Starting with the line that contains "Vintage Solid 14k", return every line through the end of the listing below exactly as written. Omit the pictures.

> Provided data

──────

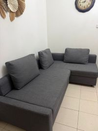 أعرض للبيع كنبة زاوية رمادي مريحة من Ikea، مستخدمة استخدام خفيف ولمدة قصيرة. الكنبة بحالة ممتازة ونظيفة جدا، ومناسبة للجلوس اليومي وتضيف لمسة أنيقة وعملية لغرفة المعيشة. لونها الرمادي سهل التنسيق مع أي ديكور، وتتحول الى سرير بكل سهولة. السعر الأصلي 2700 درهم المطلوب 1000 درهم فقط للجادين فقط
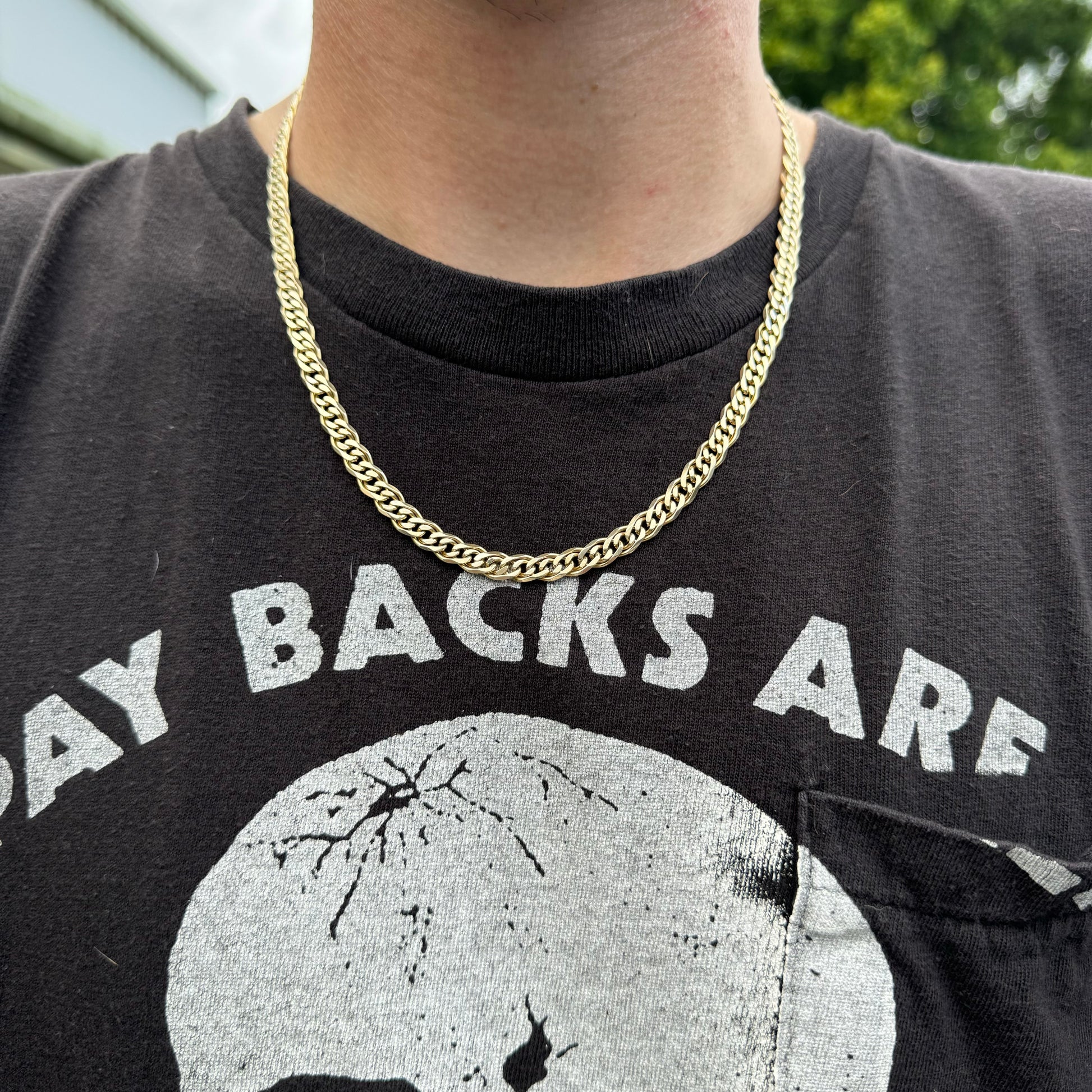 Vintage Solid 14k Yellow Gold Old School Knife-Edged Double Cuban Curb Link Necklace (20”)
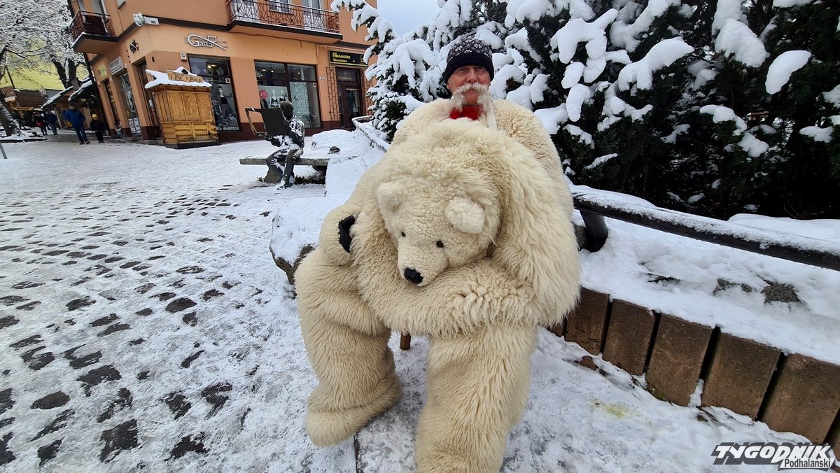 Biały miś z Krupówek o nadchodzącej zimie i turystach (WIDEO)

──────

> Answer section
 Vintage Solid 14k Yellow Gold Old School Knife-Edged Double Cuban Curb Link Necklace (20”)
 Biały miś z Krupówek o nadchodzącej zimie i turystach (WIDEO)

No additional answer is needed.